┌──

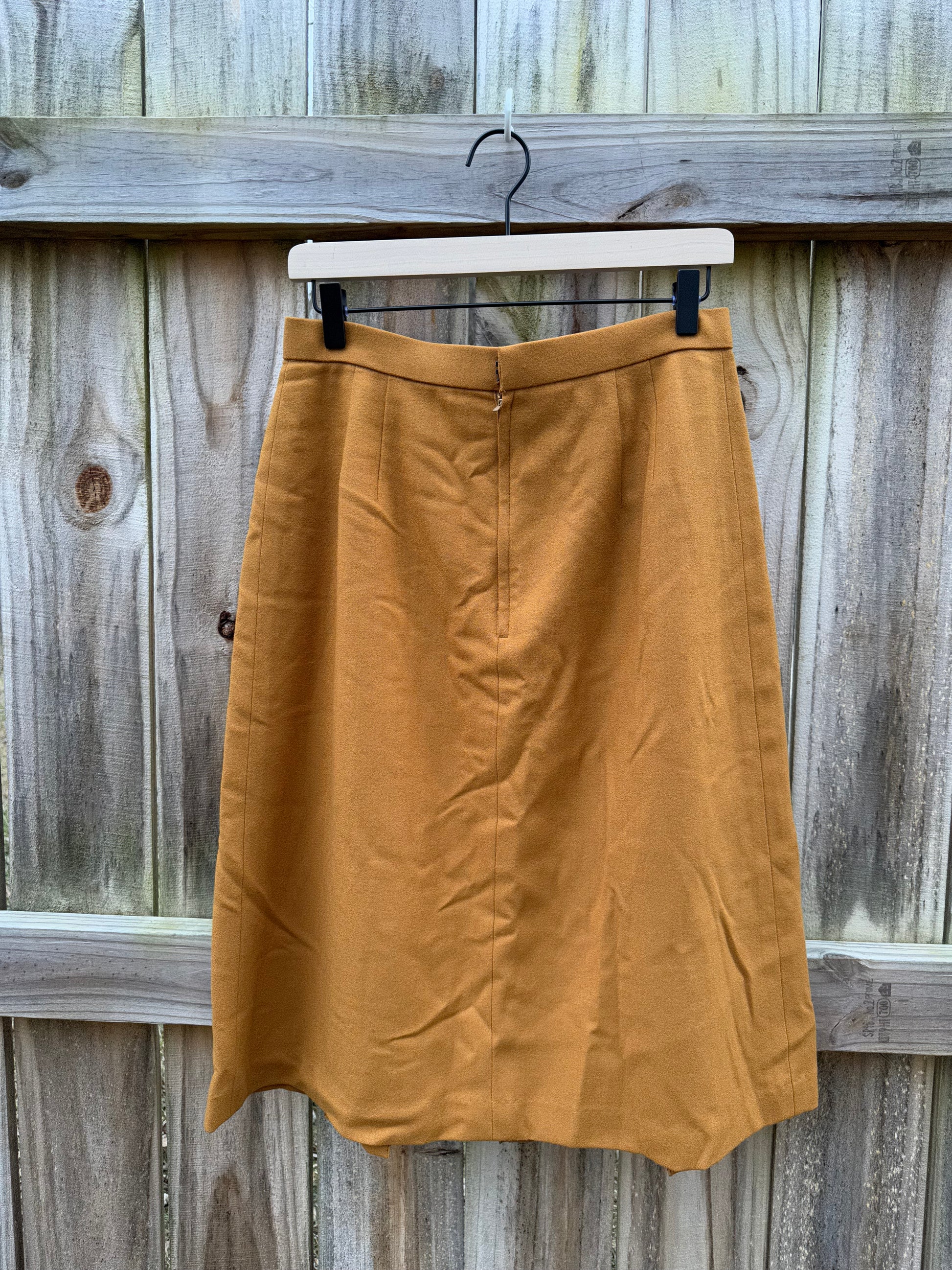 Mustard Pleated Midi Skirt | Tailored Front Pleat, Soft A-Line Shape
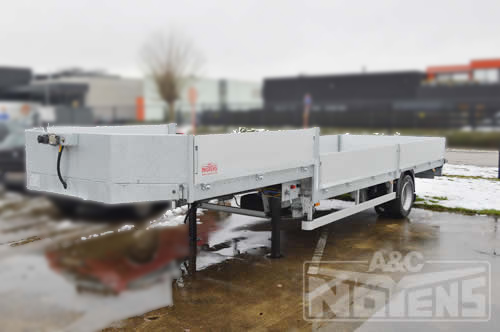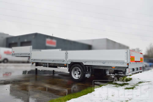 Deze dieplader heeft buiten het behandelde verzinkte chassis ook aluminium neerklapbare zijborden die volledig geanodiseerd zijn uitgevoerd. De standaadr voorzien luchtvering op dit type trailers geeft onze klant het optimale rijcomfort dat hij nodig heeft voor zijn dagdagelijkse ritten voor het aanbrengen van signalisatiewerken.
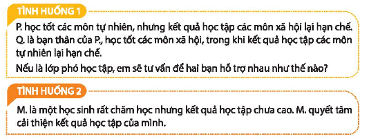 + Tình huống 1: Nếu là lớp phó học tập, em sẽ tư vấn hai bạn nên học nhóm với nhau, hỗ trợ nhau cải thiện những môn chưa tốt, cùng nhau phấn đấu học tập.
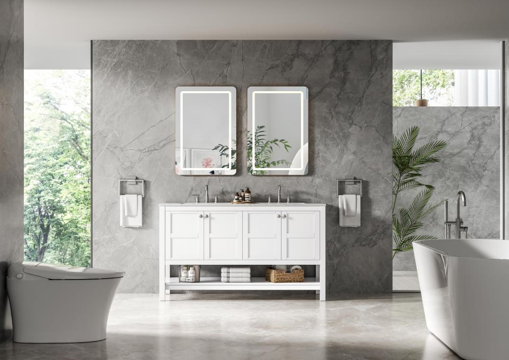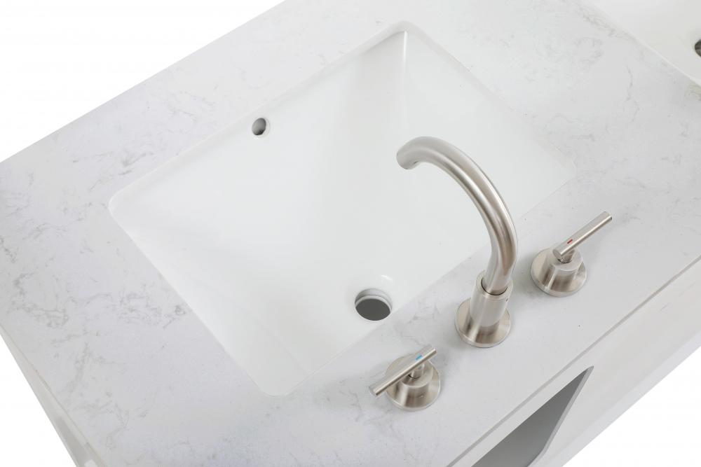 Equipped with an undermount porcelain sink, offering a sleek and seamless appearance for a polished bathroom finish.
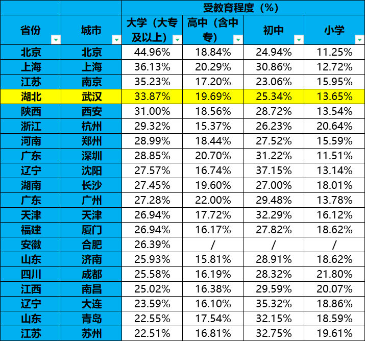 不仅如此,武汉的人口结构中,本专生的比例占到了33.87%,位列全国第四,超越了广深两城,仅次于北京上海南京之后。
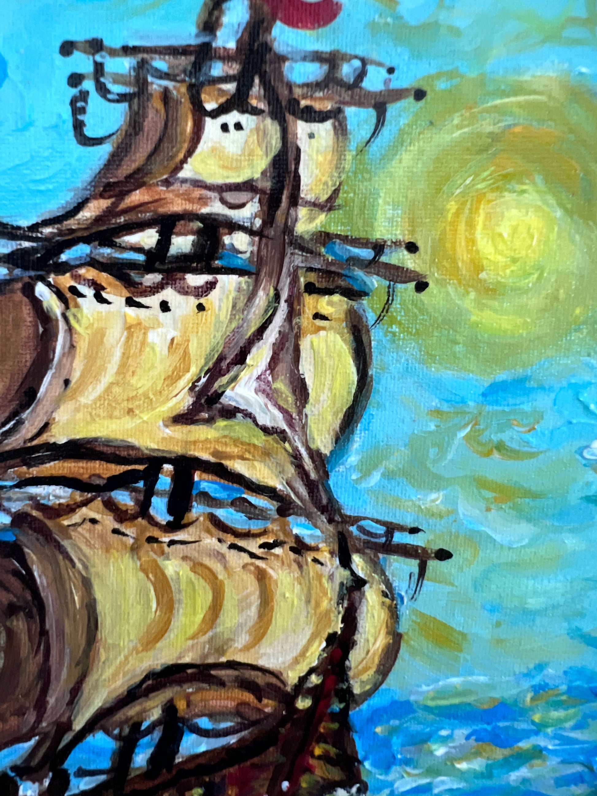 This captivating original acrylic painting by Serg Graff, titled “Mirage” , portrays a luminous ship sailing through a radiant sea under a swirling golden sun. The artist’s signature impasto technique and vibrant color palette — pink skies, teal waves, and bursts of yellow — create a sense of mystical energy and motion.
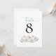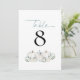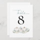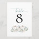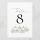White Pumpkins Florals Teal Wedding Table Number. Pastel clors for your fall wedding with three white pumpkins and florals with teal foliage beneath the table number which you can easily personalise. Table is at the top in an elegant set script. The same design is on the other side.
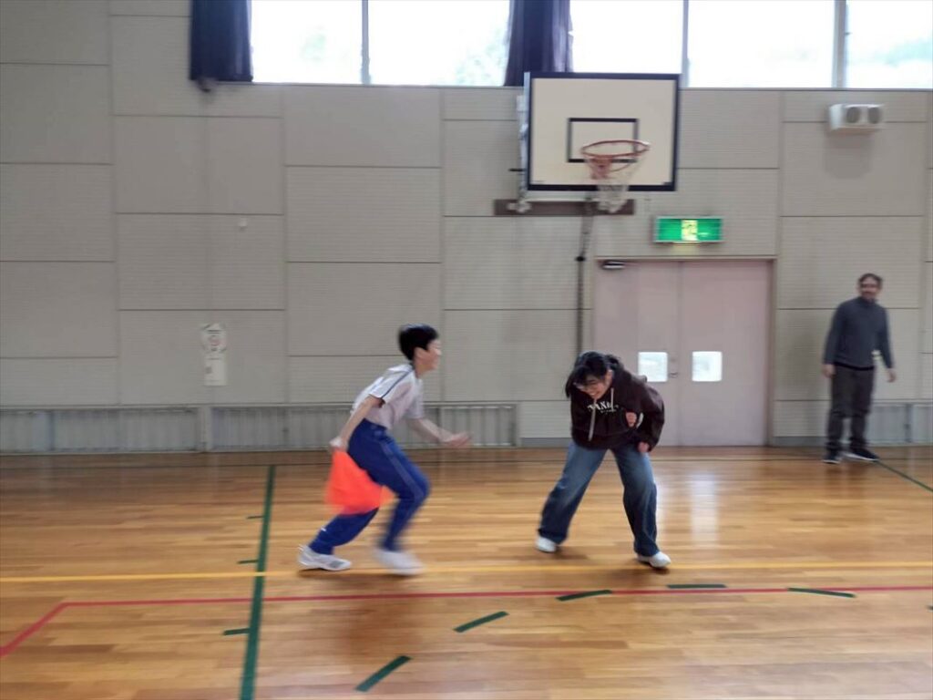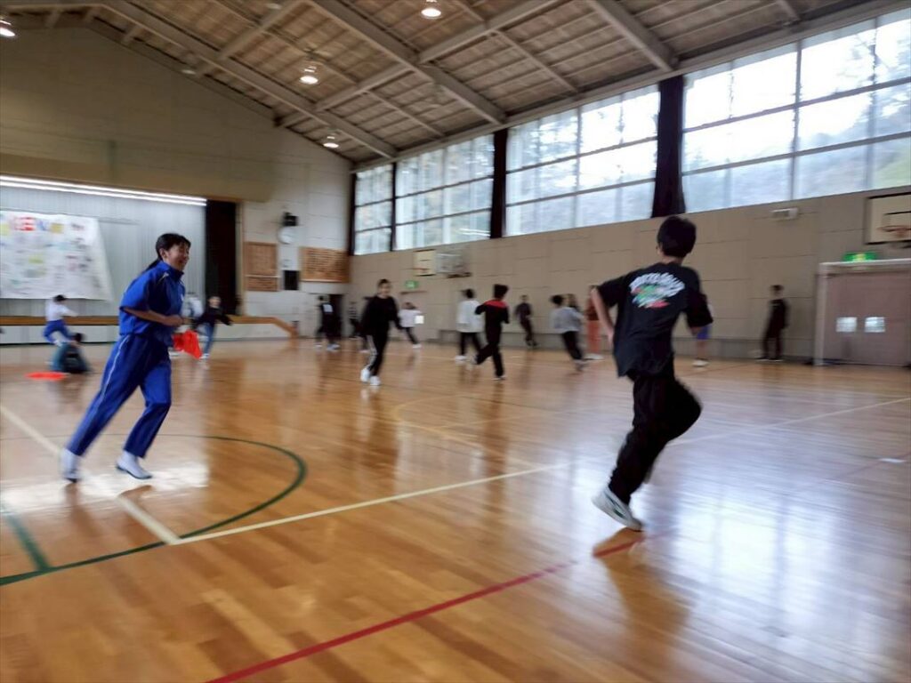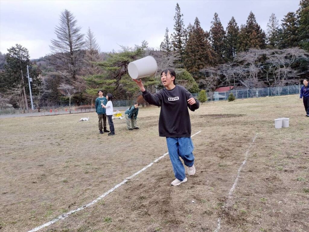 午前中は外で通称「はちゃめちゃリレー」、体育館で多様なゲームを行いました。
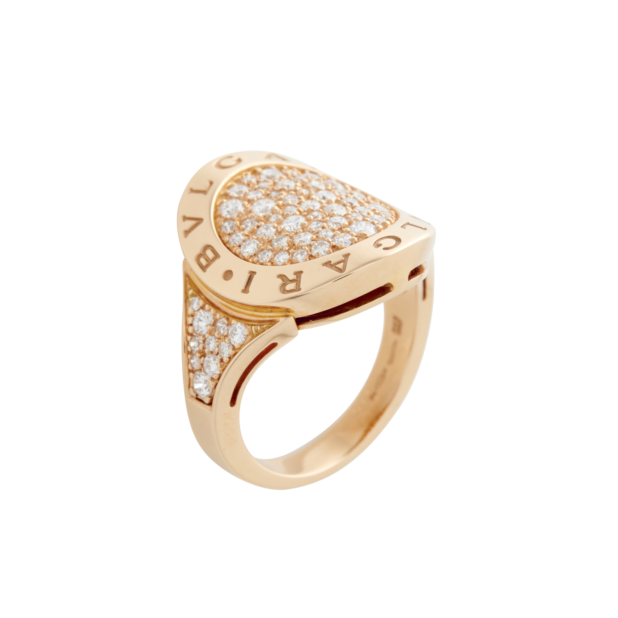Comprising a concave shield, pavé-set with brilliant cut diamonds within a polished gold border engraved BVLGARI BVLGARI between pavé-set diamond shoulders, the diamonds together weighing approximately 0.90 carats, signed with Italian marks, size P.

└──

> [What the task asks]
From the line with "This captivating original" up to and including the line with "午前中は外で通称「はちゃめちゃリレー」、体育館で多様なゲームを行いました。" above, retype every line exactly and nothing more; leave out the pictures.

> [Reply]
 This captivating original acrylic painting by Serg Graff, titled “Mirage” , portrays a luminous ship sailing through a radiant sea under a swirling golden sun. The artist’s signature impasto technique and vibrant color palette — pink skies, teal waves, and bursts of yellow — create a sense of mystical energy and motion.
White Pumpkins Florals Teal Wedding Table Number. Pastel clors for your fall wedding with three white pumpkins and florals with teal foliage beneath the table number which you can easily personalise. Table is at the top in an elegant set script. The same design is on the other side.
 午前中は外で通称「はちゃめちゃリレー」、体育館で多様なゲームを行いました。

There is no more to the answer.